I'm rather happy.
I saw evidences of grace all through last week. Like, God was taking care of me and my doings in ways it never occurred to me needed taking care of, let alone the obvious ways, such as two terrifying midterms, a less terrifying one, and two papers (which got postponed).
Last night I was allowed to go hiking at Raven's Rocks. I'd never been there before. It was a fall evening, like fall rarely is. The leaves were just beginning to turn. There was still plenty of greenery around, and yet the trail was bedecked with bright yellows and fierce reds that stood out against the dark mud like Christmas lights. The woods also varied between stern dark colors and bright wild greens. Then, after a longish uphill walk, one comes out against a valley overlook, nearly mesa-like in its suddenness and sheer drop to the floor below. We amused ourselves by lying on the edge and leaning our heads over--I took off my glasses first, for I wanted to keep them--and admiring the view and talking school politics, of all odd things. Lovely.

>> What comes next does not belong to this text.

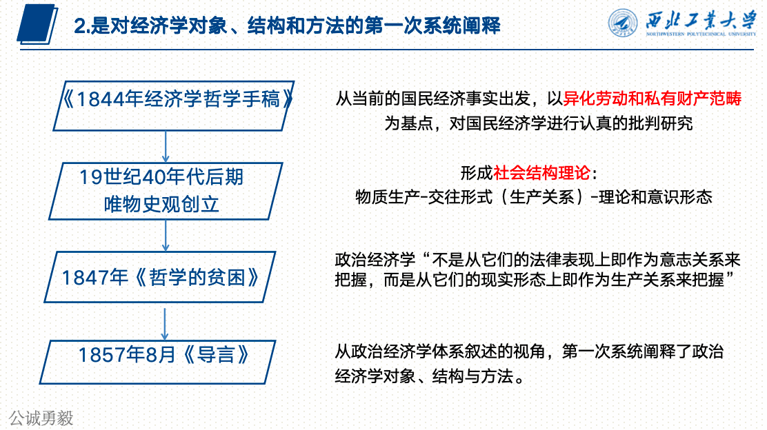 陈宗超同学围绕《政治经济学批判序言》中的变革思想进行了阐释。马克思在1859年所撰写的序言,是为《政治经济学批判(1857—1858年手稿)》所作的序。这篇序言以历史唯物主义的独特视角,深入剖析并揭示了社会变革的核心要素、历史条件及内在规律,标志着思想史上一次划时代的革命性飞跃。其所蕴含的变革思想,对于新时代而言,具有深远的指导意义:它指引我们不断发展生产力以协调并优化生产关系,勇于变革生产关系以进一步推动生产力的发展,同时,也要求我们积极创新意识形态,使其更好地适应并服务于经济发展的客观规律。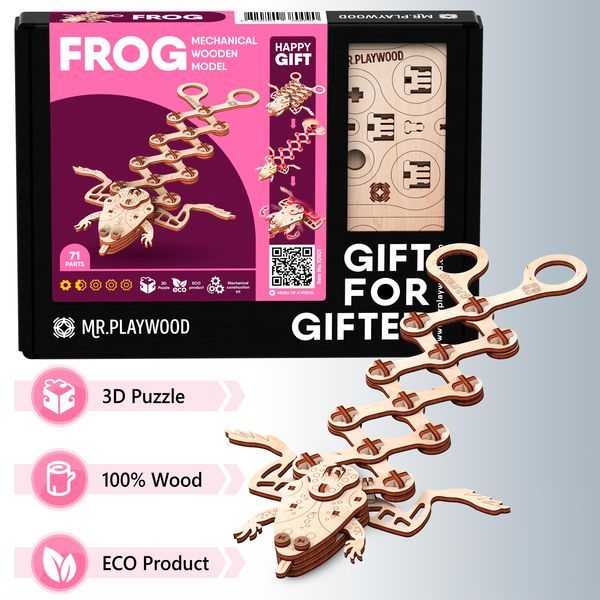 Жабка від Mr.Playwood вистрибне з рук, якщо стиснути “ножиці” пружини. З нею можна грати в веселу гру – «квача», щоб наздоганяючи інших торкатися їх лапками дерев’яної жабки. Конструктор збирається з деталей, які необхідно від’єднати від планшетів і зібрати по інструкції Кількість деталей 71 деталей Для дітей від 14 років. Розмір моделі в зібраному виді, мм 195(410)*200*30 Розмір упаковки см 24*18*3

I spent a large chunk of the day having sister time, and another large chunk having a quiet time.
I had a good talk with someone; it was not easy, nor pleasant, but it was good and edifying, I hope.
There is a vase full of daisies and honeysuckle on my windowsill. During the sister time, we walked along the trail and picked flowers. Imagine! The middle of October and there are still big yellow almost-sunflowers, and little white daisies, and long strands of honeysuckle, sweet enough to scent a room!
And now I am going up to dinner. It is a good blessing.